▶ What is expected
Leave every image out, and print the remaining lines below exactly.

▶ Data below
******
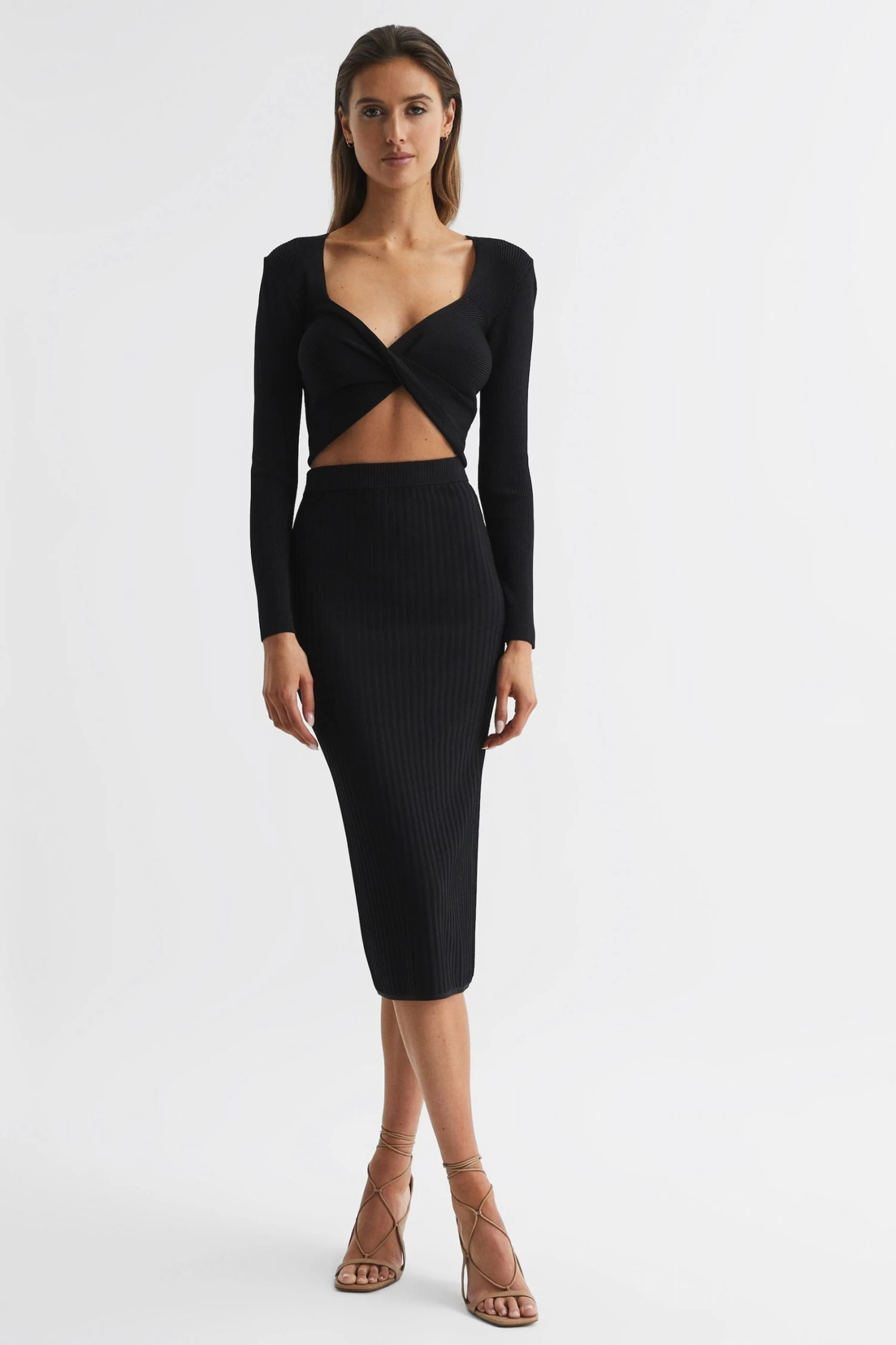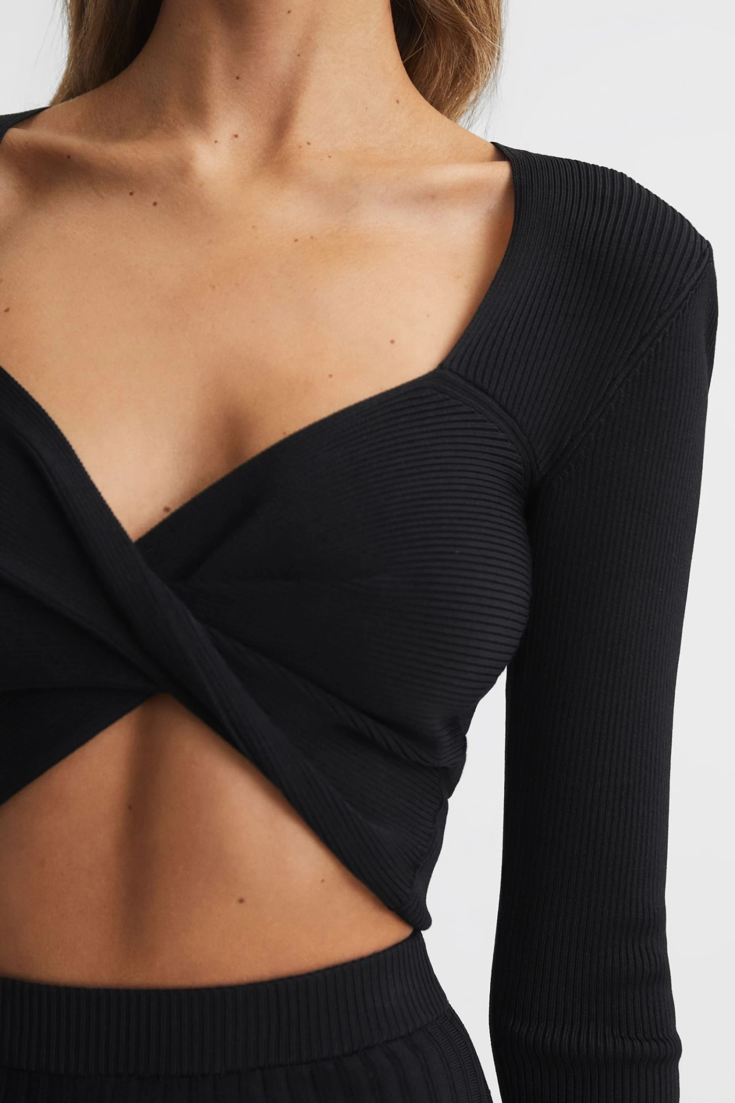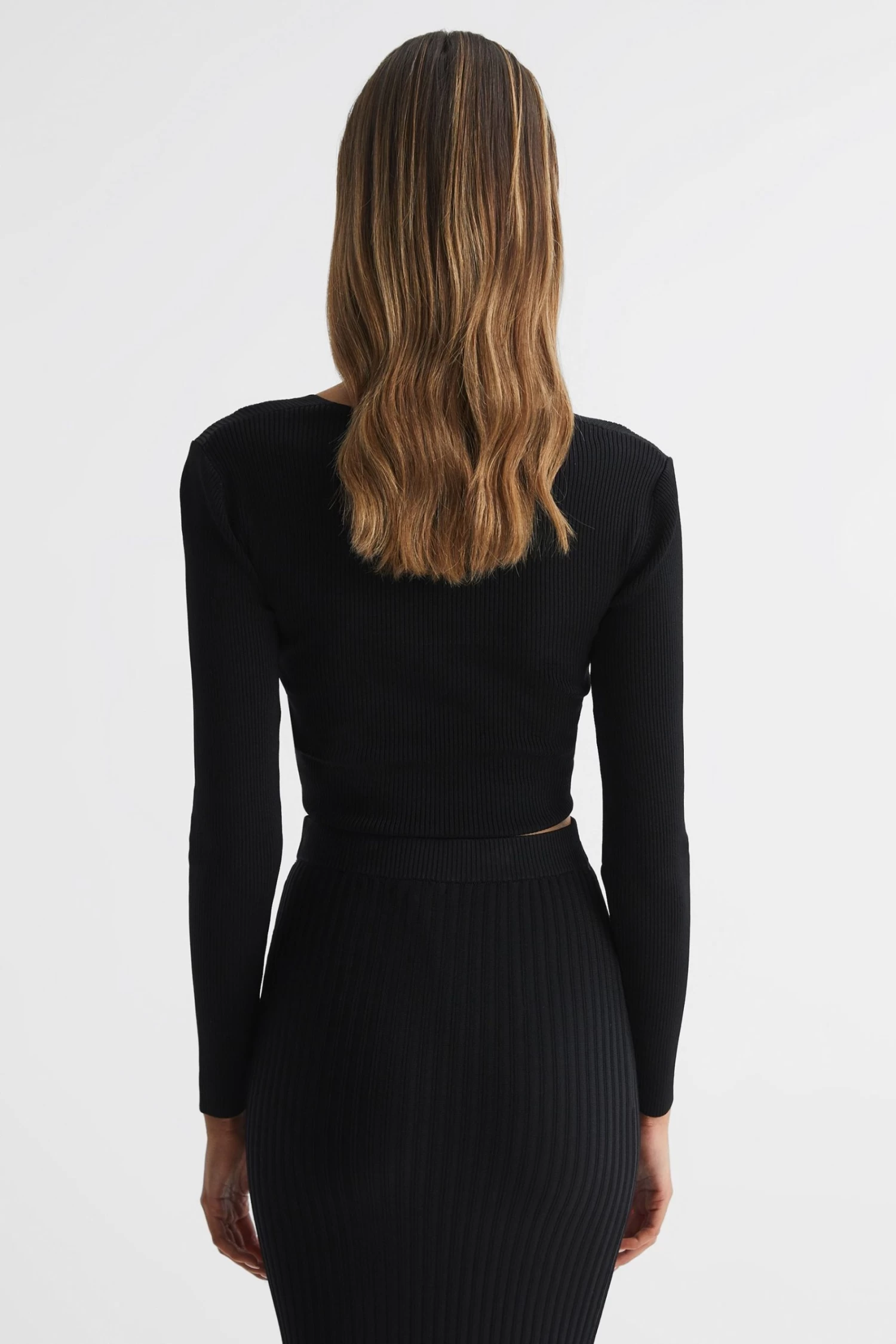 The black Iona top is spun from a ribbed fabrication that hugs the frame through the arms and chest, smoothing the profile and finishing at a cropped length. Curate a sleek look by pairing with the coordinating skirt.
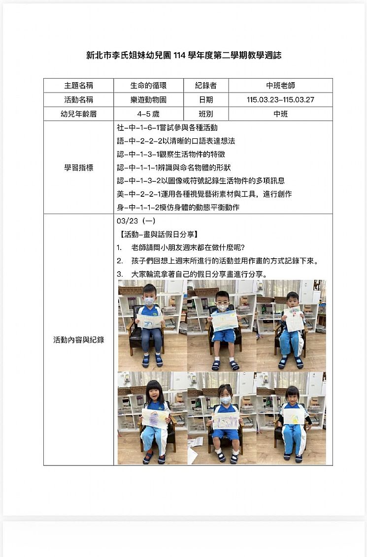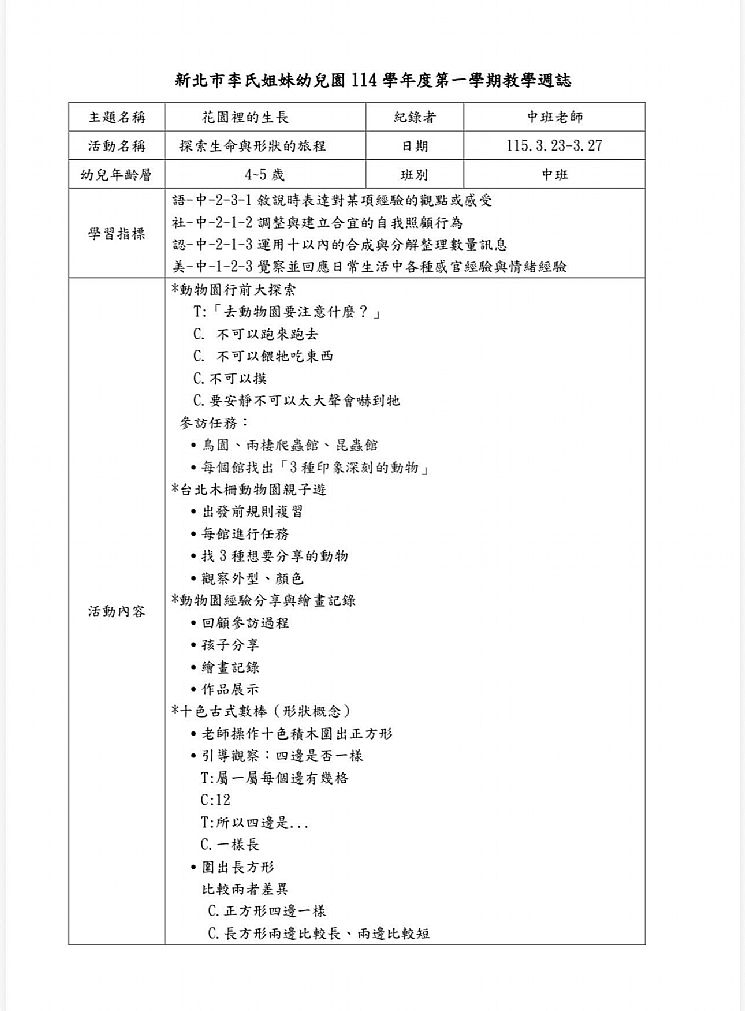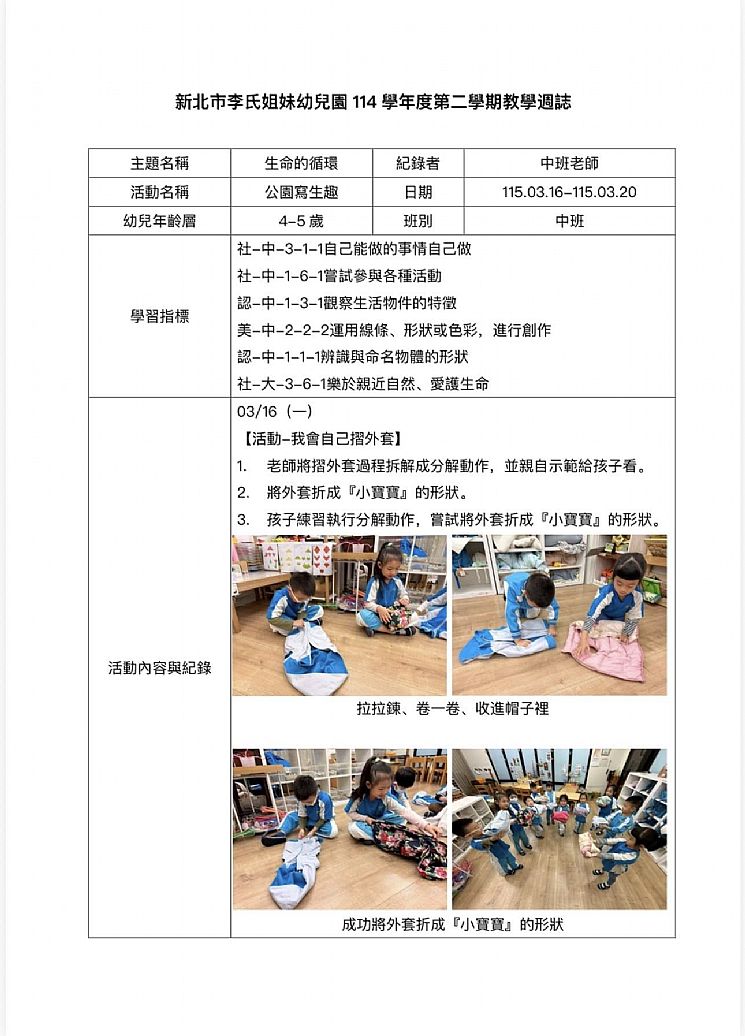 關於【 #週教案 #中班 #115年3月16號至115年3月27號 】留下您的留言
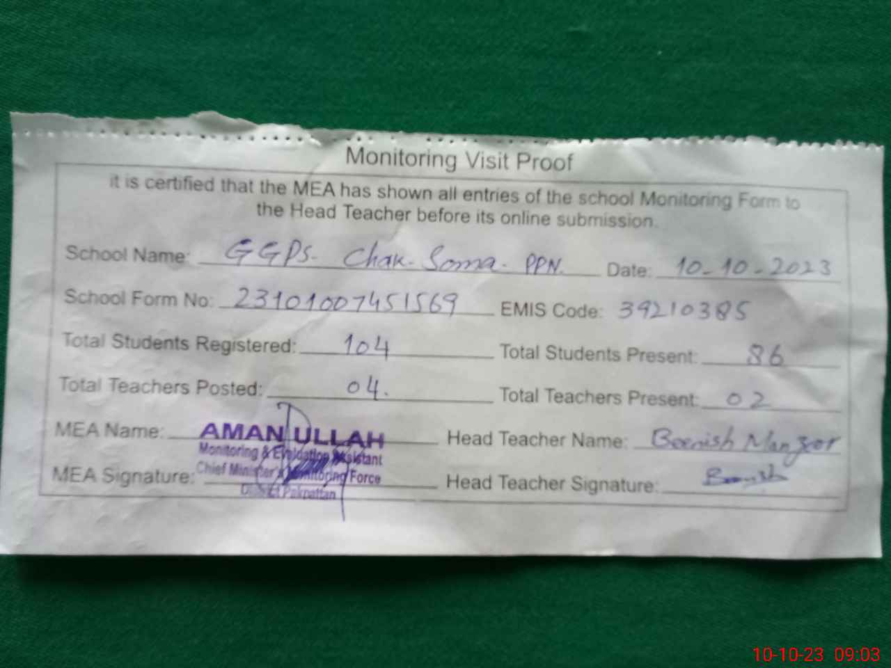| Monitoring Date: 10-10-2023 | Start Time: 10-10-2023 07:45 AM | End Time: 10-10-2023 09:07 AM | Name of MEA: AM**** UL**** | |
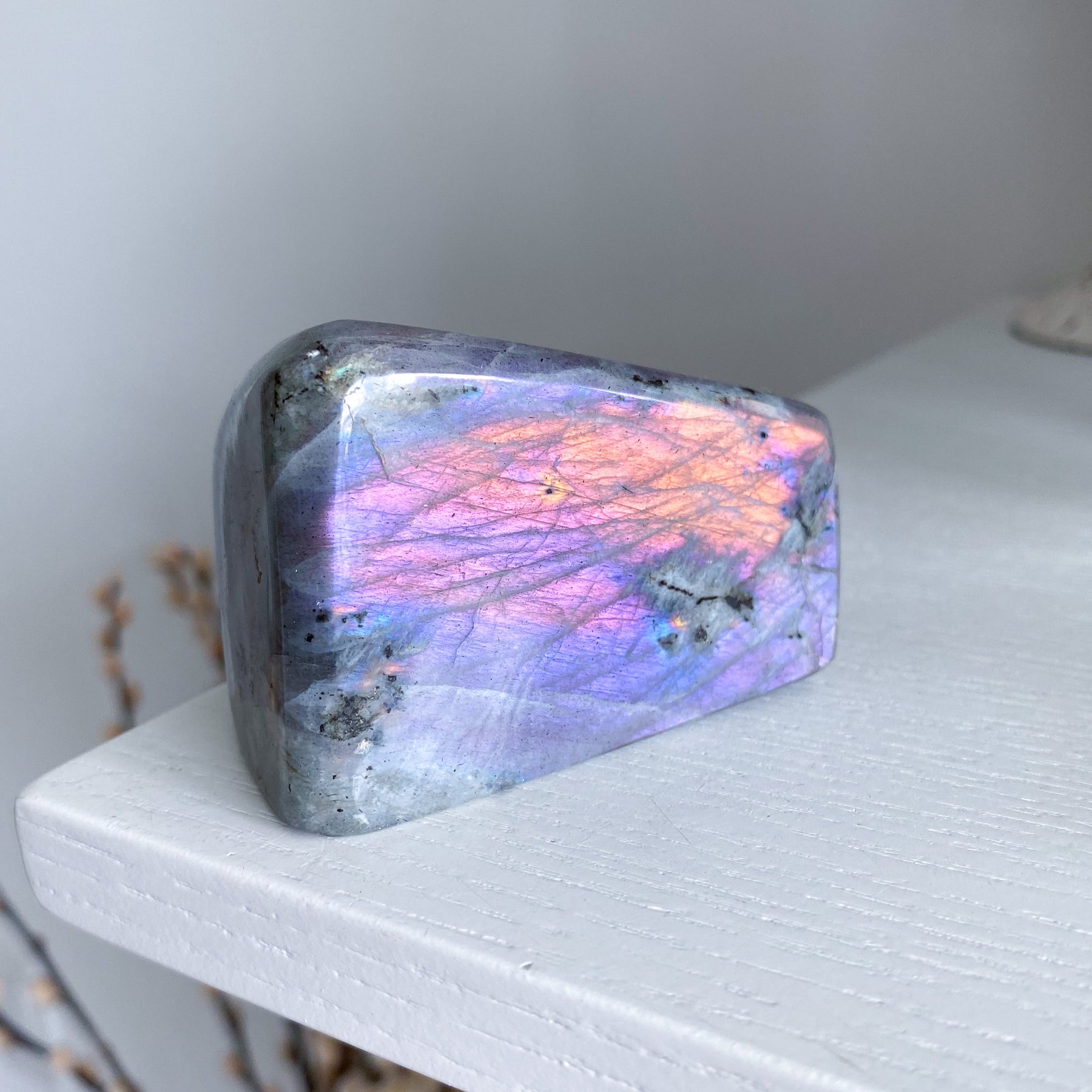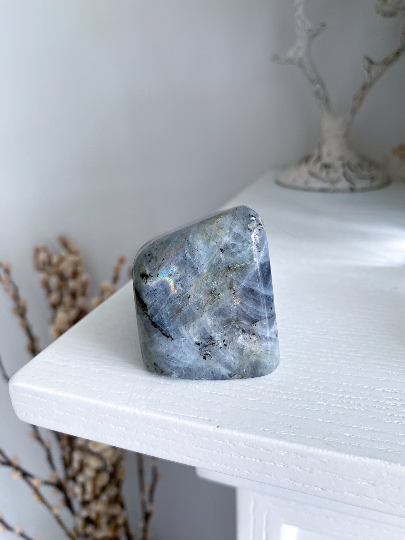 Labradorite’s transformative powers support us during times of change and personal evolution. Labradorite helps soothe fear, release insecurity, calm the mind, and promote strength and perseverance. It can lift your mood, strengthen intuition, and even balance and protect your aura. Working with this stone will enhance your psychic abilities by elevating your intuition, raising your consciousness and deepening your connection to spiritual energies. A gateway to new ideas, Labradorite stimulates imagination and is known to reveal the truth behind illusions. Because of these benefits, this iridescent stone truly builds trust in the self and in the Universe.
******
▶ Expected output
 The black Iona top is spun from a ribbed fabrication that hugs the frame through the arms and chest, smoothing the profile and finishing at a cropped length. Curate a sleek look by pairing with the coordinating skirt.
 關於【 #週教案 #中班 #115年3月16號至115年3月27號 】留下您的留言
| Monitoring Date: 10-10-2023 | Start Time: 10-10-2023 07:45 AM | End Time: 10-10-2023 09:07 AM | Name of MEA: AM**** UL**** | |
 Labradorite’s transformative powers support us during times of change and personal evolution. Labradorite helps soothe fear, release insecurity, calm the mind, and promote strength and perseverance. It can lift your mood, strengthen intuition, and even balance and protect your aura. Working with this stone will enhance your psychic abilities by elevating your intuition, raising your consciousness and deepening your connection to spiritual energies. A gateway to new ideas, Labradorite stimulates imagination and is known to reveal the truth behind illusions. Because of these benefits, this iridescent stone truly builds trust in the self and in the Universe.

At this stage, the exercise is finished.